● INSTRUCTIONS TO FOLLOW
Your task is to retype, exactly, the line containing "2023年12月29日,第十" and every later line through the end of the listing, with pictures omitted.

● SUPPLIED DATA
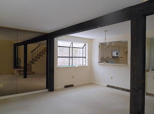Located in desirable Pinebrook Village, this sunny end unit townhouse has a lovely view of trees and a brook. Three floors of open living offer a large kitchen with attached balcony. The dining room features a wet bar and opens to a spacious living room leading to a private deck. Upstairs, the oversized master bedroom has a unique loft and walk-in closet with access to the attic. A second spacious bedroom and a full bath complete the second floor. The basement has a large finished family room with a bar and built-in cabinets. This level also includes laundry room and storage under the stairs. Unit also includes deeded parking and tons of additional spaces for guests. Convenient to public transportation with bus route right outside complex to the red line and commuter rail stops.Derby Streets Shops are only 2 miles away. Make an appointment to see this wonderful home!
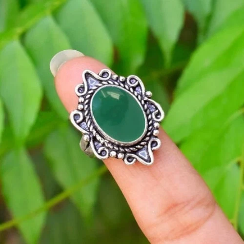 Green Onyx Silver Ring 925 Sterling Women Handmade Rings All Size
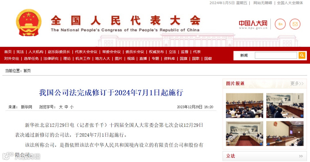 2023年12月29日,第十四届全国人人民代表大会常务委员会第七次会议通过了对《公司法》的第二次修订,自2024年7月1日起施行。
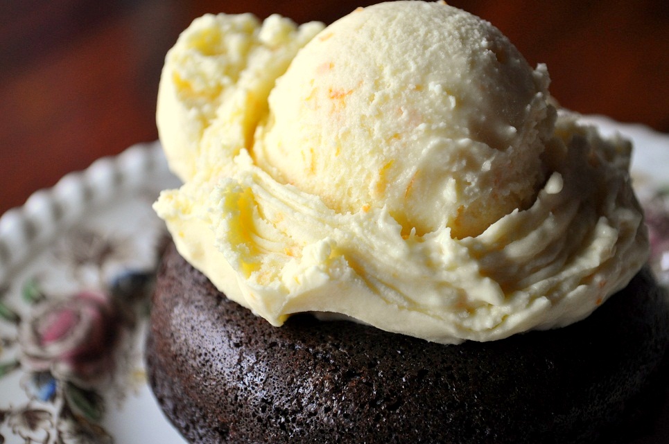 Dark Chocolate Doughnuts topped with Orange-Cardamom Ice Cream (Gluten-free)
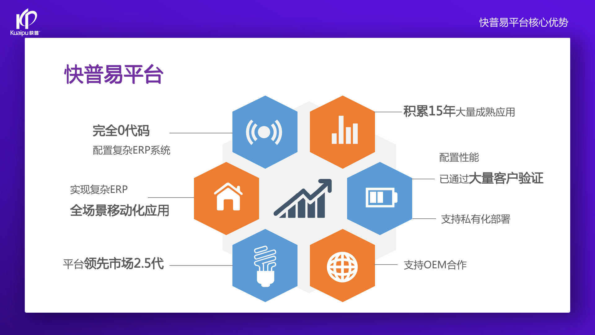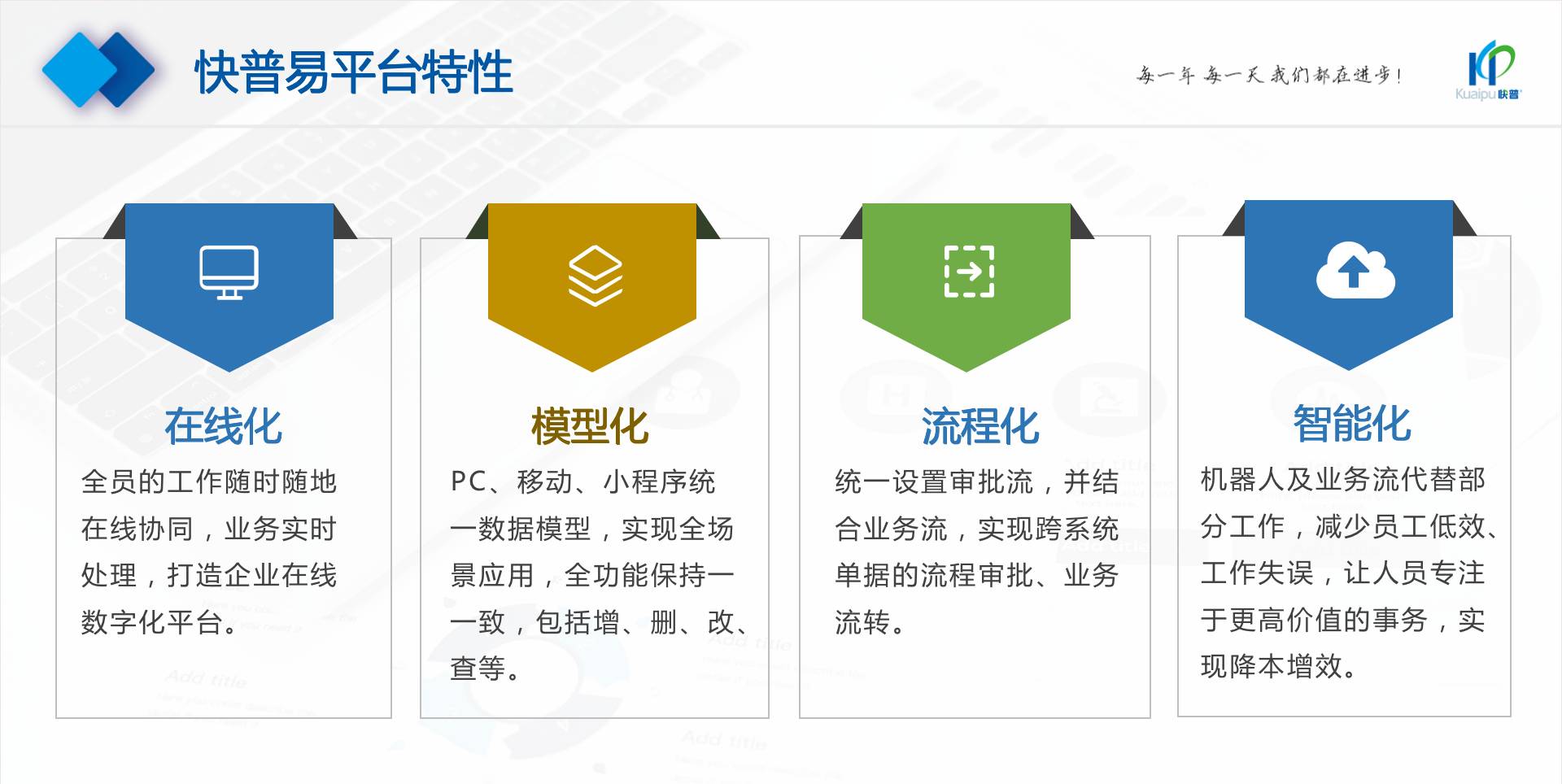 為了解決市場(chǎng)需求與平臺(tái)產(chǎn)品瓶頸等矛盾,實(shí)現(xiàn)徹底的零代碼平臺(tái),快普?qǐng)?jiān)持理念創(chuàng)新,以理念推動(dòng)平臺(tái)技術(shù)的創(chuàng)新?!耙圆蛔儜?yīng)萬(wàn)變”的理念:分析哪些東西未來(lái)肯定不變?哪些趨勢(shì)未來(lái)一定會(huì)變?從變化中找出不變的因素,從不變中找出變動(dòng)的因素;從量變到質(zhì)變,經(jīng)歷萬(wàn)變總結(jié)抽象出不變的本質(zhì)?;诳炱臻L(zhǎng)期的信息化服務(wù)經(jīng)驗(yàn),開(kāi)發(fā)配置出企業(yè)數(shù)字化轉(zhuǎn)型工具:快普易平臺(tái)成功解決了企業(yè)數(shù)字化轉(zhuǎn)型升級(jí)面臨的客戶大量個(gè)性化需求,真正實(shí)現(xiàn)隨需而變的設(shè)計(jì)理念,大大降低了信息化投入成本,提高信息化效率,幫助企業(yè)實(shí)現(xiàn)自主可控的技術(shù)創(chuàng)新,從而進(jìn)一步推動(dòng)企業(yè)的業(yè)務(wù)創(chuàng)新和管理創(chuàng)新。
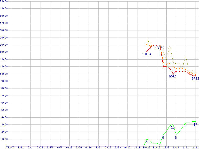 | WD5000AACS (500GB,16MB)の価格推移 | | | (2006年12月7日~2008年2月21日) |
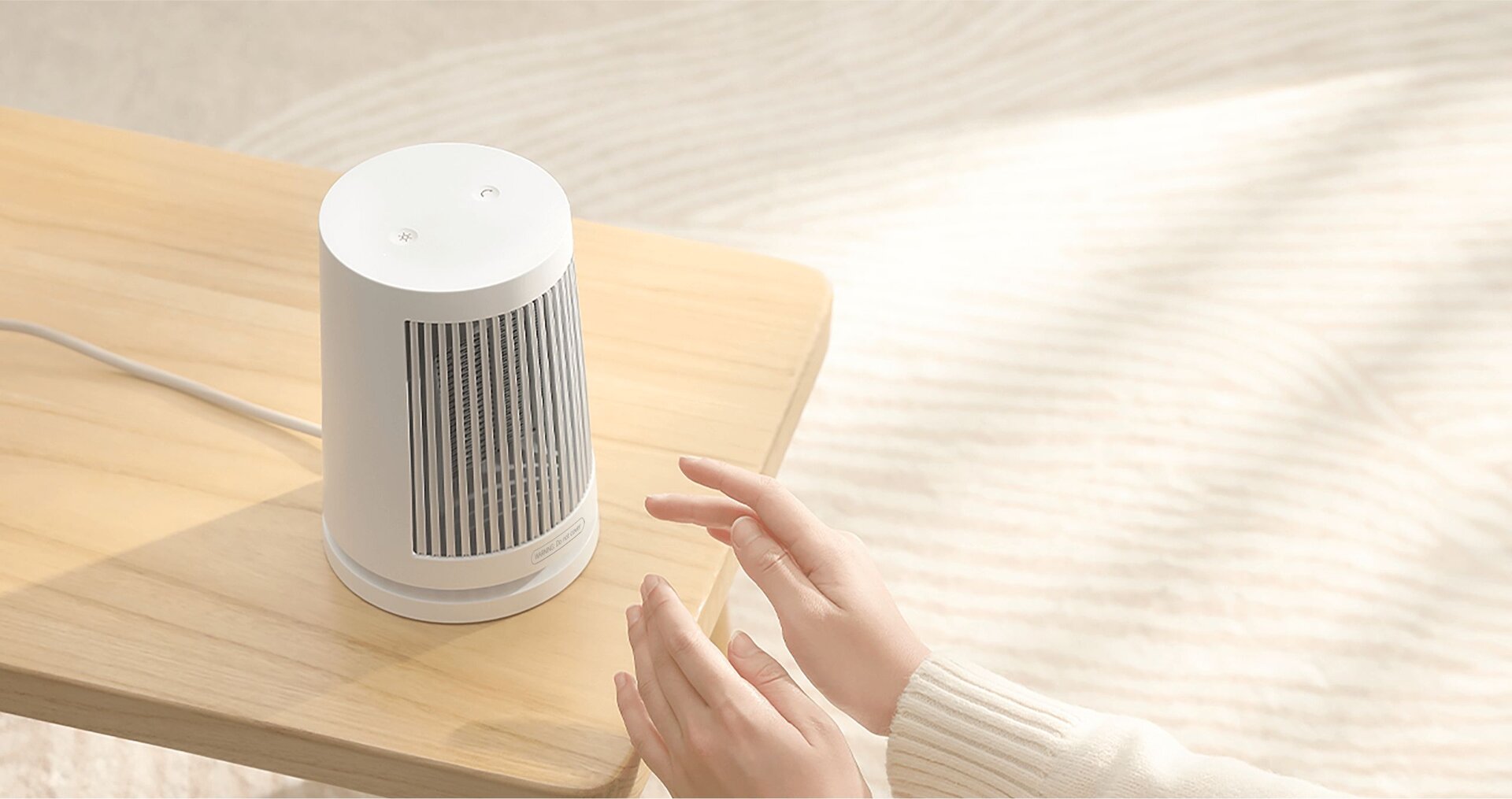 Stolní ohřívač Xiaomi Desktop Heater v kompaktním designu a s 45° oscilačním prouděním vzduchu. Automatické vypnutí při naklonění, dvojitá tepelná ochrana, materiály zpomalující hoření.

● SOLUTION TO THIS EXERCISE
 2023年12月29日,第十四届全国人人民代表大会常务委员会第七次会议通过了对《公司法》的第二次修订,自2024年7月1日起施行。
 Dark Chocolate Doughnuts topped with Orange-Cardamom Ice Cream (Gluten-free)
 為了解決市場(chǎng)需求與平臺(tái)產(chǎn)品瓶頸等矛盾,實(shí)現(xiàn)徹底的零代碼平臺(tái),快普?qǐng)?jiān)持理念創(chuàng)新,以理念推動(dòng)平臺(tái)技術(shù)的創(chuàng)新?!耙圆蛔儜?yīng)萬(wàn)變”的理念:分析哪些東西未來(lái)肯定不變?哪些趨勢(shì)未來(lái)一定會(huì)變?從變化中找出不變的因素,從不變中找出變動(dòng)的因素;從量變到質(zhì)變,經(jīng)歷萬(wàn)變總結(jié)抽象出不變的本質(zhì)?;诳炱臻L(zhǎng)期的信息化服務(wù)經(jīng)驗(yàn),開(kāi)發(fā)配置出企業(yè)數(shù)字化轉(zhuǎn)型工具:快普易平臺(tái)成功解決了企業(yè)數(shù)字化轉(zhuǎn)型升級(jí)面臨的客戶大量個(gè)性化需求,真正實(shí)現(xiàn)隨需而變的設(shè)計(jì)理念,大大降低了信息化投入成本,提高信息化效率,幫助企業(yè)實(shí)現(xiàn)自主可控的技術(shù)創(chuàng)新,從而進(jìn)一步推動(dòng)企業(yè)的業(yè)務(wù)創(chuàng)新和管理創(chuàng)新。
 | WD5000AACS (500GB,16MB)の価格推移 | | | (2006年12月7日~2008年2月21日) |
 Stolní ohřívač Xiaomi Desktop Heater v kompaktním designu a s 45° oscilačním prouděním vzduchu. Automatické vypnutí při naklonění, dvojitá tepelná ochrana, materiály zpomalující hoření.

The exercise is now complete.